The UN agency, based in Geneva, is not a huge bureaucracy. It has an annual budget of $2.2 billion, making it roughly on-ninetieth the size of the US Department of Health and Human Services and one tenth the size of the US Centers for Disease Control and Prevention.  But in moments like this, the WHO plays an outsized role.

The value of the WHO during the course of the coronavirus outbreak has been evident in three key ways.  First, the WHO’s data collection is providing health officials and policymakers everywhere with constantly updated information, informing their response. This includes the latest information about reported cases from around the world, and also some of the hard science about the virus.

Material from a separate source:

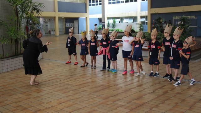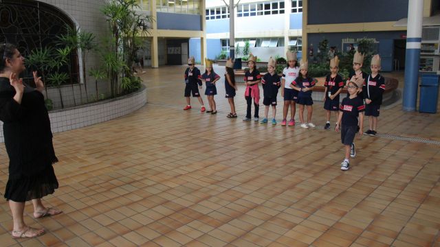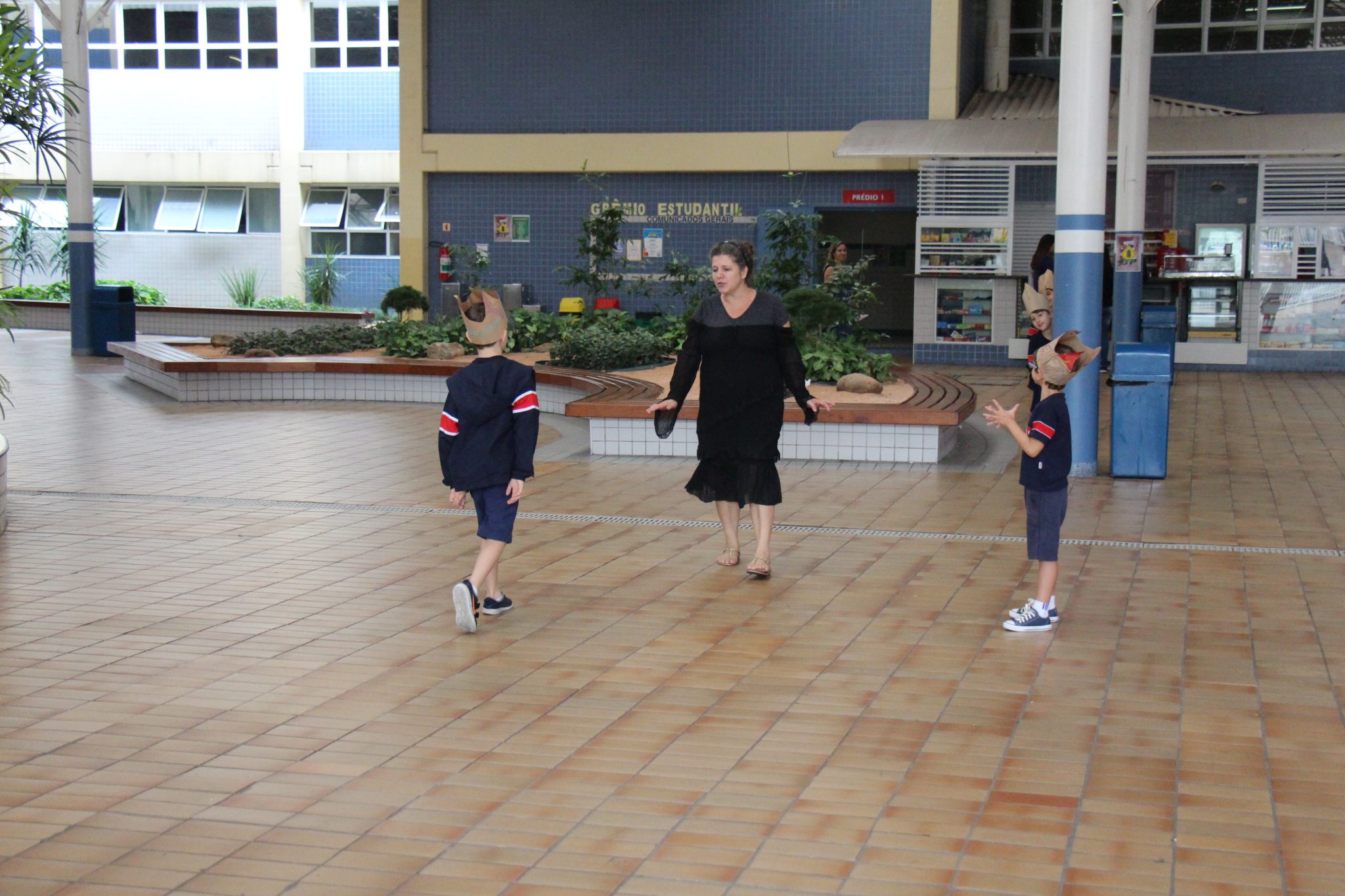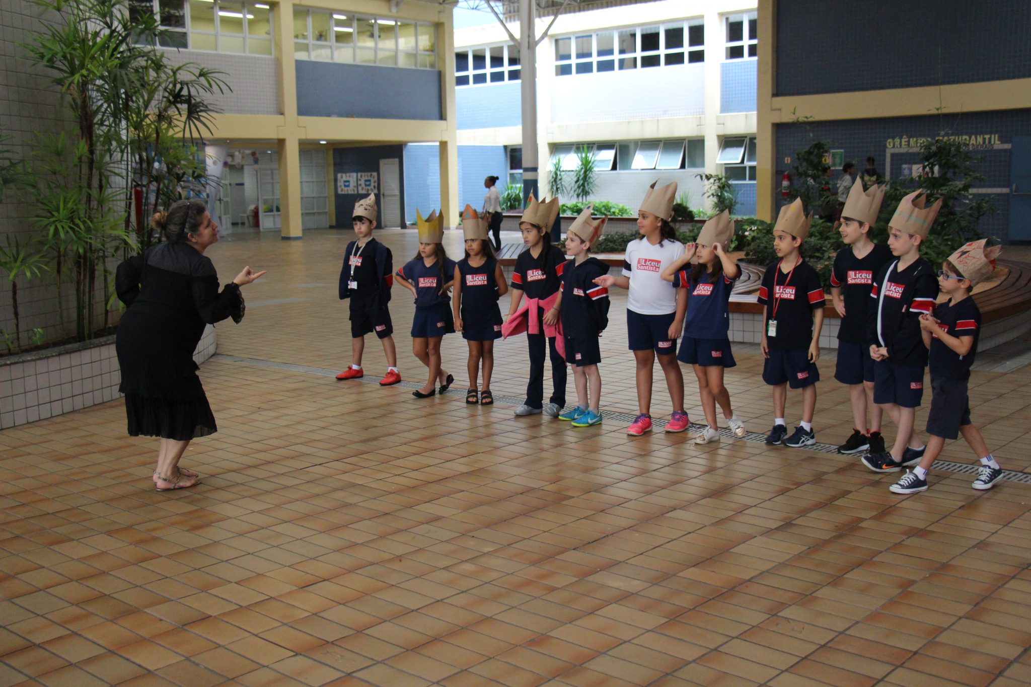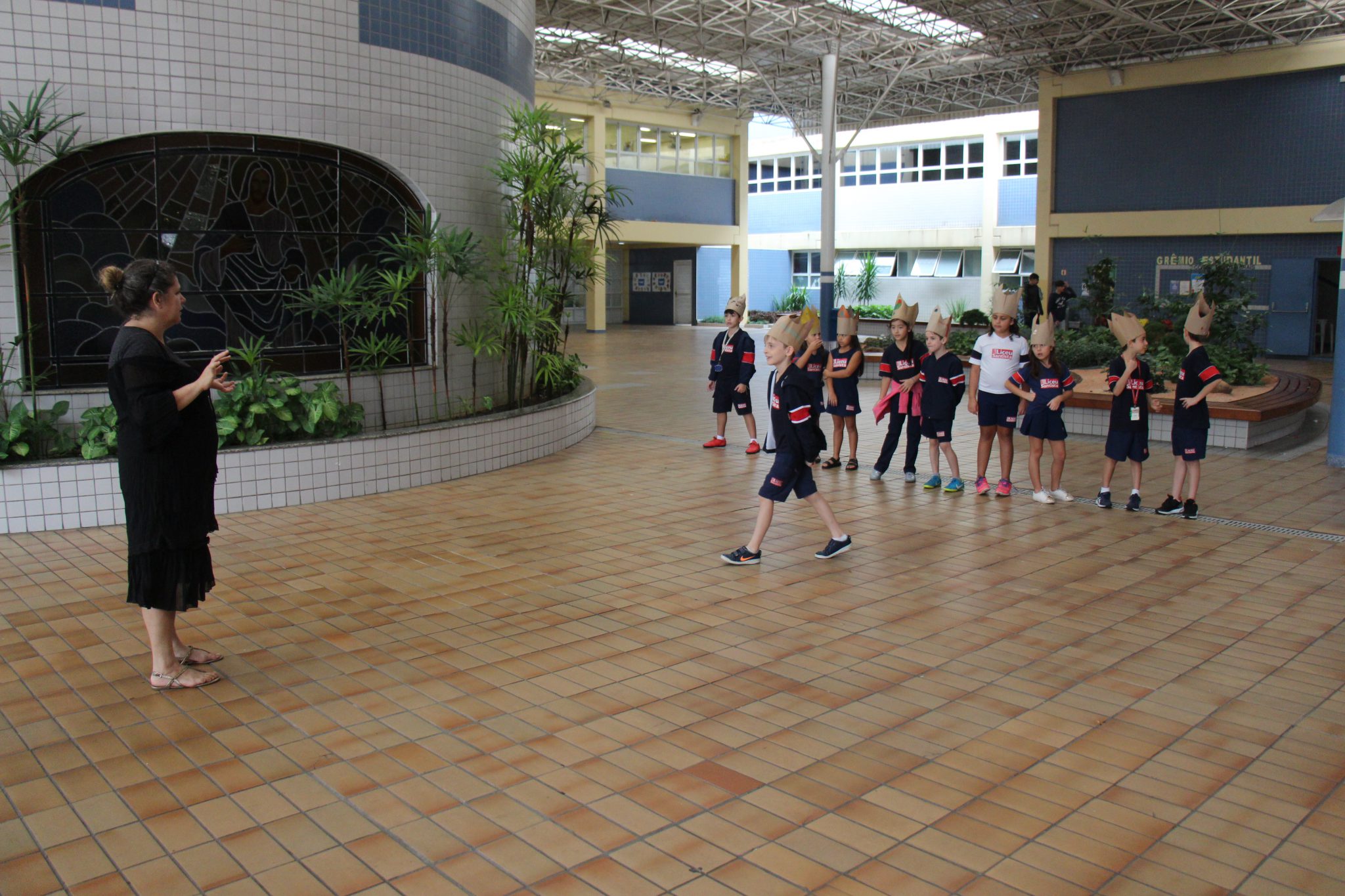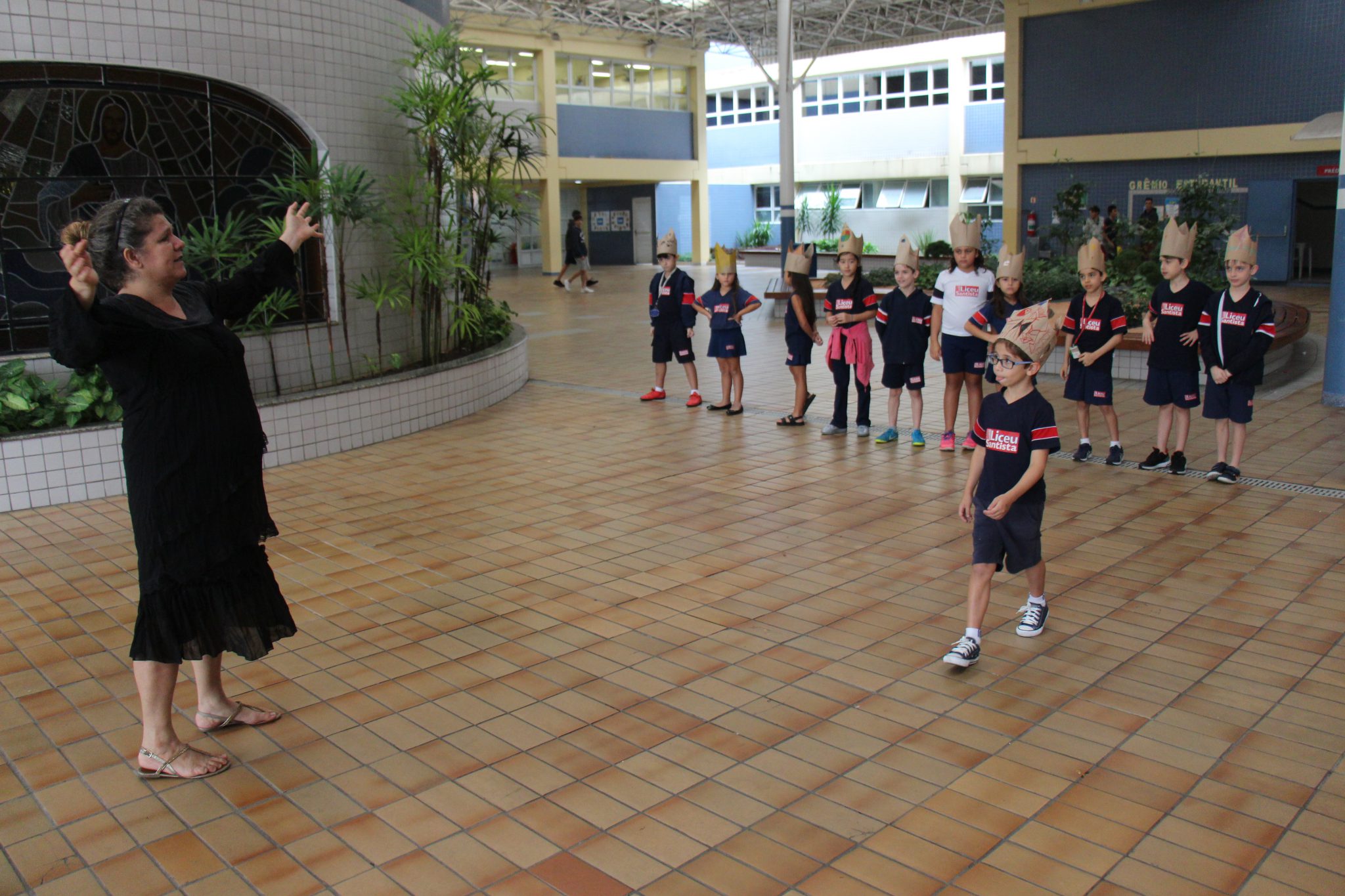 Caracterizada de Rainha Negra, a professora de xadrez Cris Furtado comandou os alunos do 2º ano do Ensino Fundamental que frequentam o Período Ampliado na movimentação daquela peça no tabuleiro. A atividade, realizada no pátio da escola com as crianças “vestindo” a personagem, segue apresentando cada um dos seis componentes do jogo: peão, torre, cavalo, bispo, rainha e rei.

Second, the WHO is leveraging its unique reach to share information about how to prepare for Covid-19 and mitigate its impact. The WHO is a mulit-lateral institution that includes nearly every country on the planet. It is taking advantage of that footprint. In mid-February, the WHO dispatched Dr. Bruce Aylward, a Canadian infectious disease expert, to China. He lead an international team of health officials to get a grounds-eye view of the impact of Covid-19 in China and Beijing’s response. These experts have taken these lessons back to their own countries and regions to prepare for coronavirus. The WHO has also held briefings with African foreign ministers and also with the top UN officials in every country in which there is a large UN presence, including places that are already in the midst of conflict or humanitarian crisis.  

Third, the WHO is actively trying to prevent clusters of infections from taking hold in countries with very weak health systems that lack the capacity to handle an outbreak on its own.  This includes countries in sub-Saharan Africa where transmission of Covid-19 could cause disproportionate damage and be much harder to contain. It is here where Dr. Tedros’ call for global solidarity is potentially most fragile.

On February 2, the WHO released a $61.5 million appeal for additional resources to help it manage its preparedness and response activities through April.  As of March 3rd, donors only had contributed one third of that amount, about $21 million. And the largest donor was not a government — it was the Bill and Melinda Gates Foundation, which contributed $9.5 million.

This $61.5 million appeal from the WHO is part of a broader Global Strategic Response Plan that calls for the mobilization of $675 million, most of which will help poorer countries prepare their response to Covid-19.

The United States is typically the largest single donor in situations like this. When the Ebola epidemic took hold in West Africa in 2014, the Obama administration requested from Congress over $6 billion in emergency appropriation, most of which would help countries in West African contain the outbreak. But the Trump administration does not share those instincts. In fact, as the coronavirus outbreak was worsening in February, the White House released a budget request that would cut US funding for the World Health Organization by 52%. 

On March 2nd, the US Agency for International Development announced that it was releasing $37 million from an emergency fund to support preparedness efforts in 25 high-risk countries. This followed an announcement from Germany that it would contribute 50 million euros to the effort; and also from the UN that it would release $15 million from it’s Central Emergency Response Fund. This is certainly a step in the right direction, but the United States and other donors around the world are going to have to dig deeper.

If funding is not quickly provided, Covid-19 could gain a foothold in countries without the capacity to respond on their own. If that happens, the virus could spread indefinitely in countries with weak health systems, creating a persistent reservoir of the virus that could spark global outbreaks for the foreseeable future.

This is where the WHO’s work is most urgent — and where global support for the WHO is more than charity, it’s self interest.